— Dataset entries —
'''

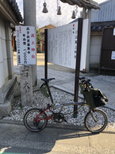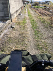 その後も街道を走りながら、気になった看板や建造物などをパチパチと撮りながら進んでいきます。深居神社前にて小休止。「歯神さん」として立石が祭られていましたが、児童公園内にポツンと鎮座していて、どことなく親しみを感じる雰囲気でした。その後、畑横に未舗装路がありましたが、このくらいはどうということもなく走行可能。
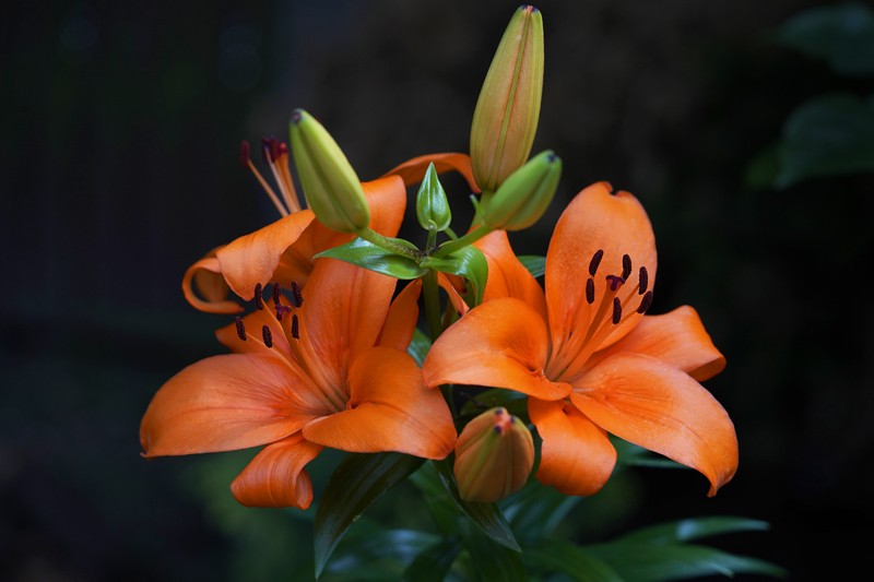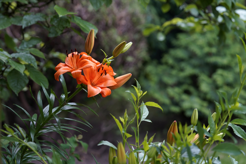 pierzastych, pomarańczowych lilii azjatyckich, pomarańczowych
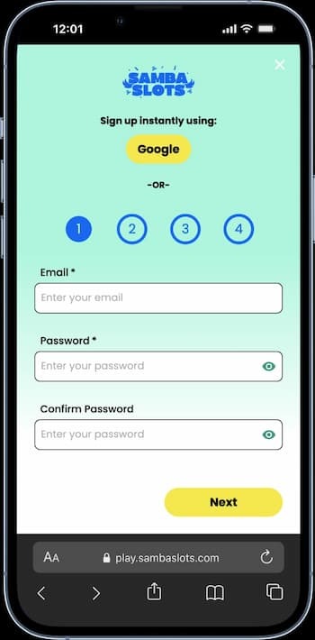 Korte uitleg: hieronder zie je in één oogopslag hoe je je aanmeldt bij Samba Slots en de 200% welkomstbonus activeert. De cashback van 10% elke maandag loopt automatisch mee.
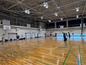 | 2年生男子2名・女子3名、1年生女子5名の計9名で活動しています。ネットは女子の高さに合わせて、男女一緒に基礎練習を中心に練習しています。経験者も少なく初心者が多いので、気軽に体験に来てください! 練習場所:体育館 練習曜日:月・金 練習時間:15:30~17:30(多少の変更あり) |
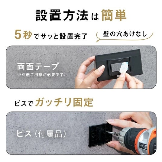 設置方法は2種類。5秒で簡単に設置できる両面テープと、ガッチリ固定できるビス留めがあります。
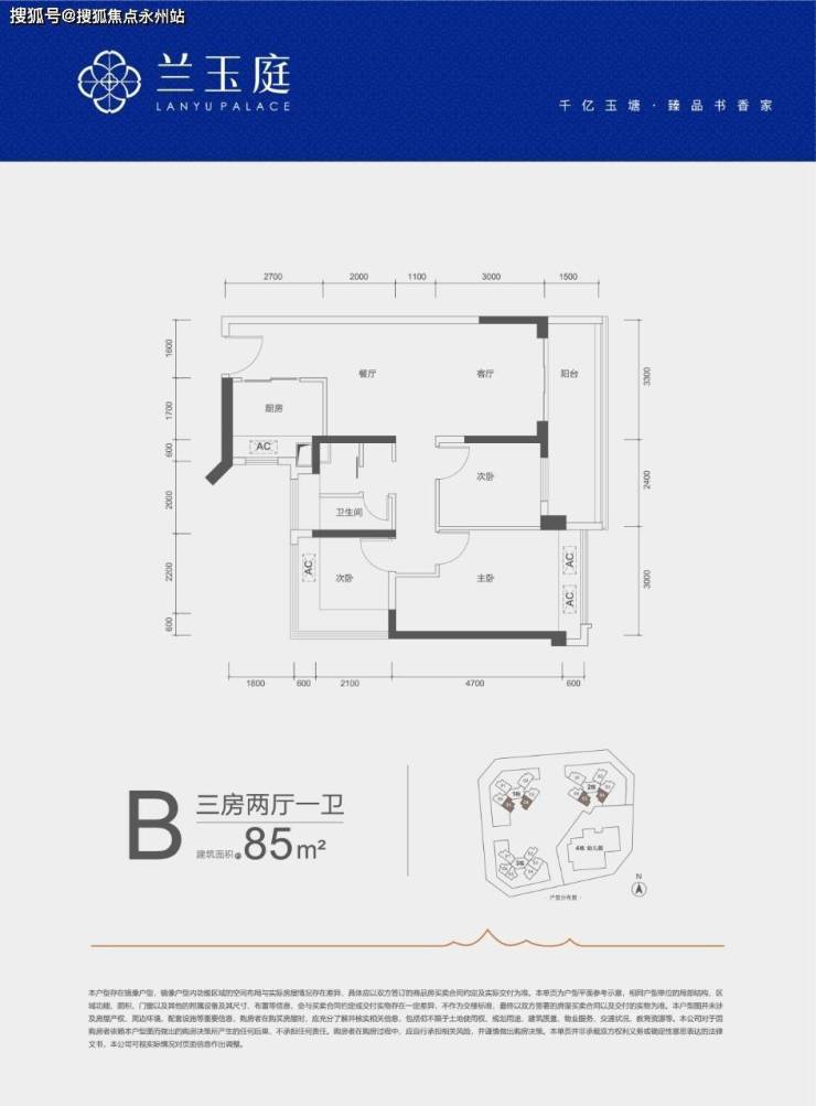 B 户型(85㎡):升级设计,创新式三分离卫生间,提高早晚使用效率;次卧面宽调整为2.7米,空间更灵活。
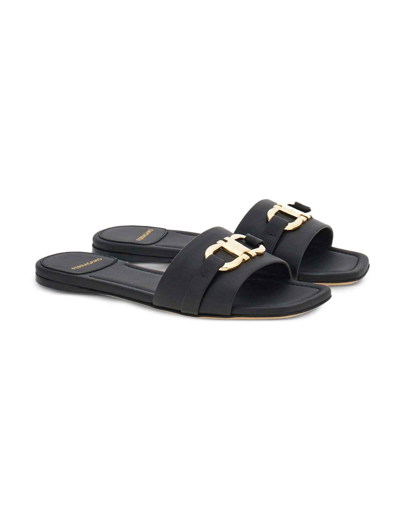 Gancini-plaque leather slides
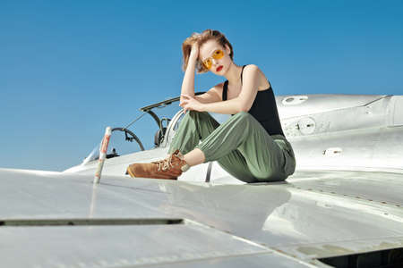 Beautiful girl pilot sits on the wing of a fighter airplane at the airfield.
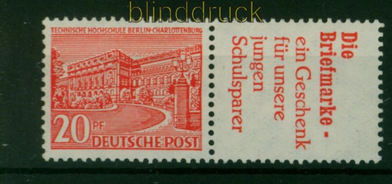 Berlin Zusammendrucke Mi # W 17 postfrisch 20 Pfg. Berliner Bauten mit Reklamefeld: Die Briefmarke - ein Geschenk für unsere jungen Schulsparer waagerechter Zusammendruck postfrisch Erhaltung siehe Scan
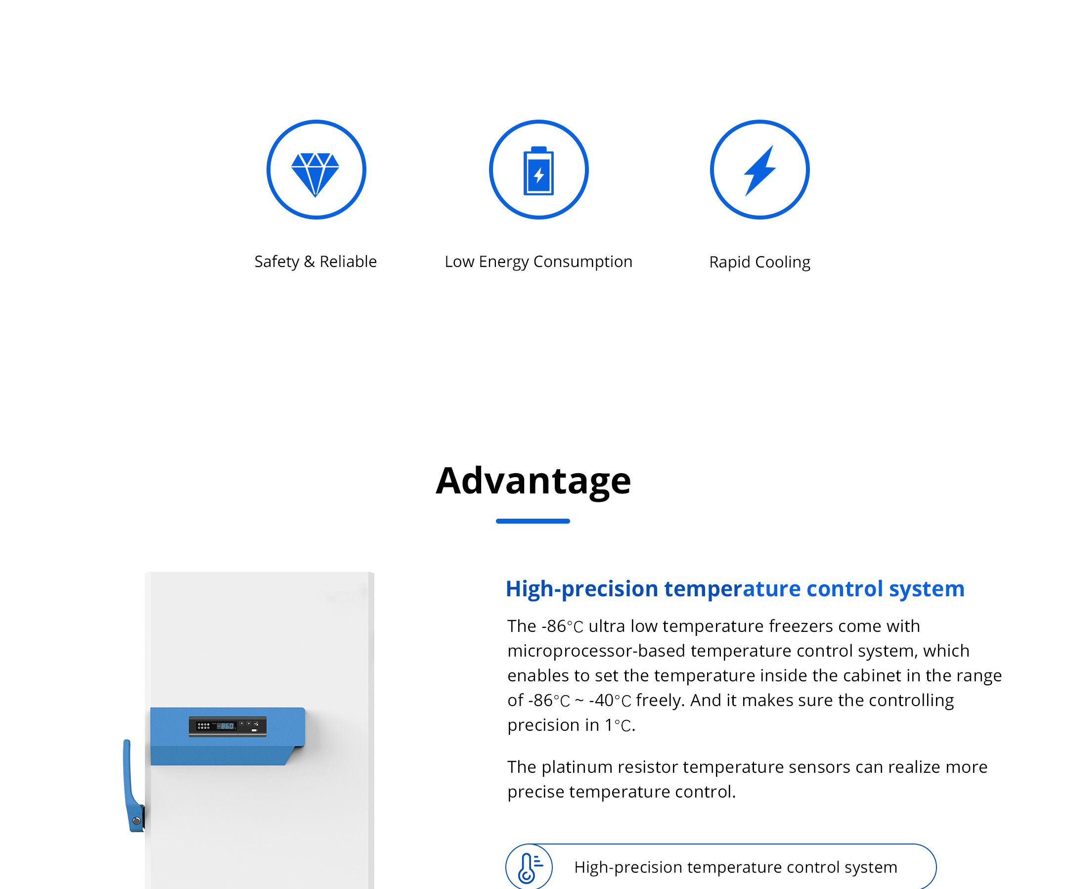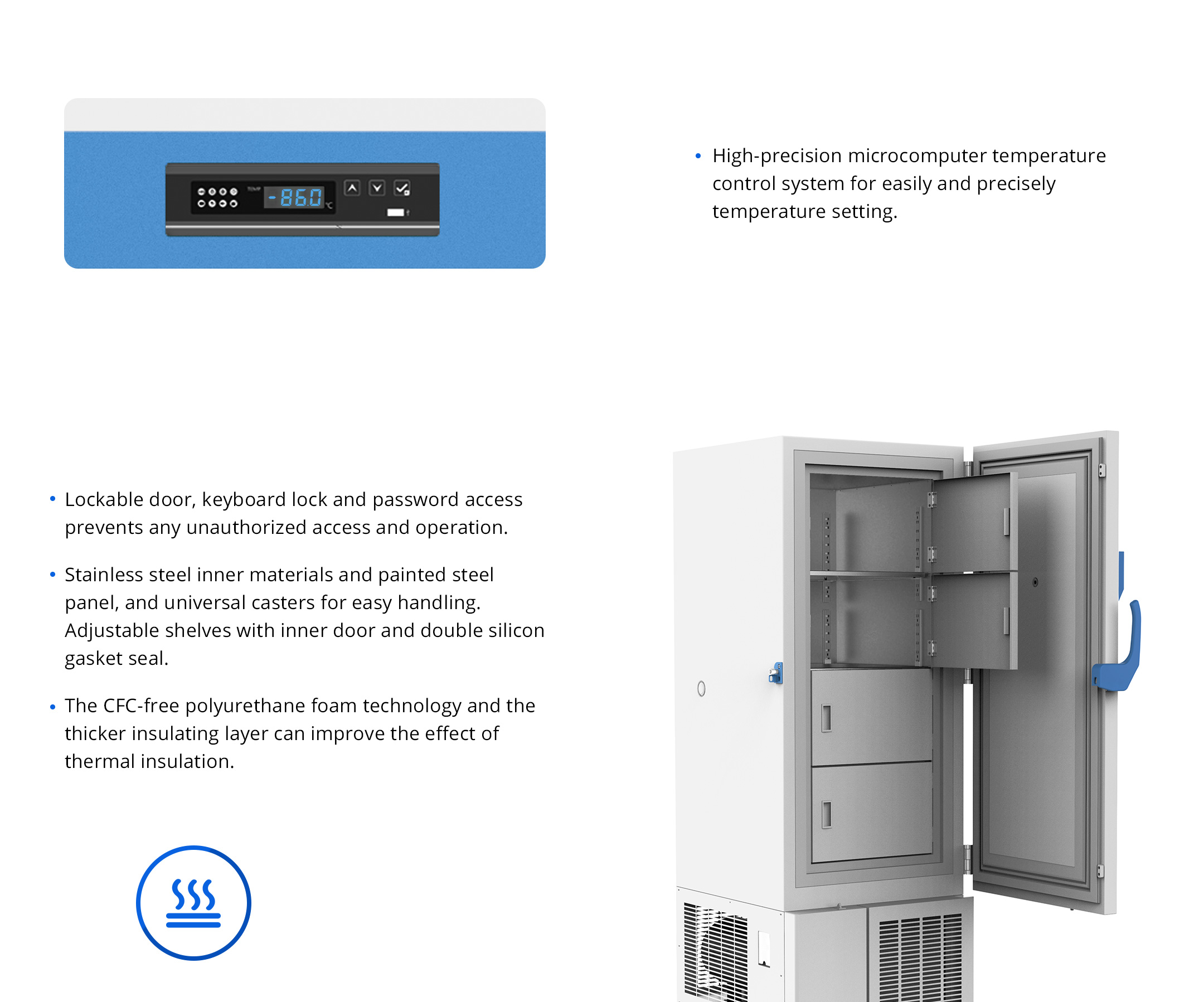 It is equipped with high-precision temperature control, ensuring the temperature uniformity in the cabinet with a range of -40°C to -86°C.

'''

— ASSIGNMENT —
Using the entries above, reproduce word for word only the lines from the one that contains "設置方法は2種類。5秒で簡単" to the one that contains "Berlin Zusammendrucke Mi", both ends included, and drop every picture.

— TASK SOLUTION —
 設置方法は2種類。5秒で簡単に設置できる両面テープと、ガッチリ固定できるビス留めがあります。
 B 户型(85㎡):升级设计,创新式三分离卫生间,提高早晚使用效率;次卧面宽调整为2.7米,空间更灵活。
 Gancini-plaque leather slides
 Beautiful girl pilot sits on the wing of a fighter airplane at the airfield.
 Berlin Zusammendrucke Mi # W 17 postfrisch 20 Pfg. Berliner Bauten mit Reklamefeld: Die Briefmarke - ein Geschenk für unsere jungen Schulsparer waagerechter Zusammendruck postfrisch Erhaltung siehe Scan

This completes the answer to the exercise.